WASHINGTON — The U.S. health care system is lagging further and further behind other industrialized countries on major measures of quality, efficiency and access to care, according to a new report from the nonprofit Commonwealth Fund, a leading health policy foundation.
That is having a profound effect on overall health in the U.S., the report found.
Americans die far more frequently than their counterparts in other countries as a result of preventable or treatable conditions, such as bacterial infections, screenable cancers, diabetes and complications from surgery.
In 2006-07, the U.S. recorded 96 preventable deaths per 100,000 people. By comparison, France, with the best-performing health care system, recorded just 55 deaths per 100,000.
And while the U.S. improved between 1997-98 and 2006-07, other countries made more progress. Ireland and Great Britain, which had higher mortality rates than the U.S., now have lower rates.
“We are slipping behind,” said Commonwealth Fund Senior Vice President Cathy Schoen, one of the report’s authors.

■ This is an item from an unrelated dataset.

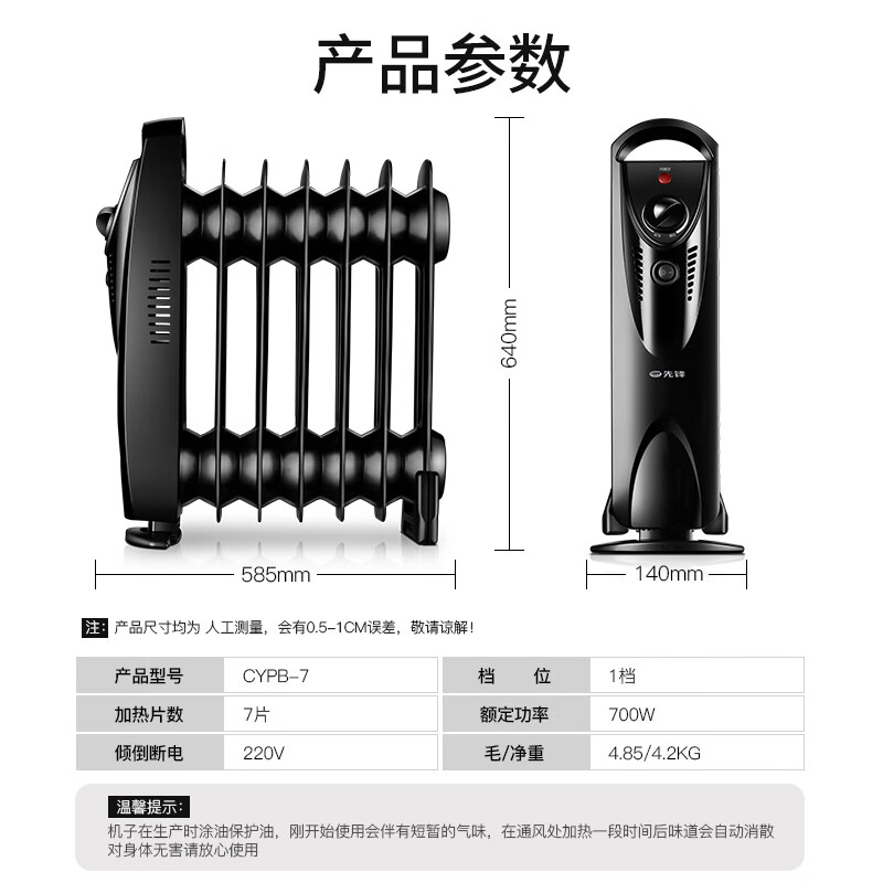 先锋(SINGFUN)取暖器/取暖气家用/7片电油汀/取暖电器/电暖器/暖气/电暖气片烤火炉油汀电暖炉移动地暖 CYPB-7价格:177.90元!

The poor outcomes reflect the widespread problems that millions of Americans have getting access to health insurance and health care, the authors found.
In 2010, 44 percent of adults in the U.S. ages 19-64 either did not have insurance at some point during the year or did not have adequate insurance to cover their needs, up from 35 percent in 2003.
And a third of adults did not get medical care, did not fill a prescription or skipped a needed test or treatment because of cost.
In Great Britain, just 5 percent of adults reported such an access problem.
Despite the problems with access and quality, however, the U.S., continues to spend far more than other industrialized nations on health care, with per-capita spending on health care now topping $8,000 a year, more than twice what most other industrialized countries spend.
One bright spot in the report is evidence that Americans with some chronic conditions such as diabetes and high blood pressure are better at managing their diseases, which the authors credited to increased effort to highlight these issues.
Schoen also noted a “sea change” in hospital quality, which also reflects an intense campaign in recent years to measure quality and get hospitals to reduce events such as hospital-acquired infections.
The report’s authors concluded that the new health care law would likely have a major effect on many of the measurements, pushing up access to care as more people get insurance and improving outcomes as quality initiatives in the law begin to have an effect.
“We know the Affordable Care Act is going to make a difference,” Schoen said.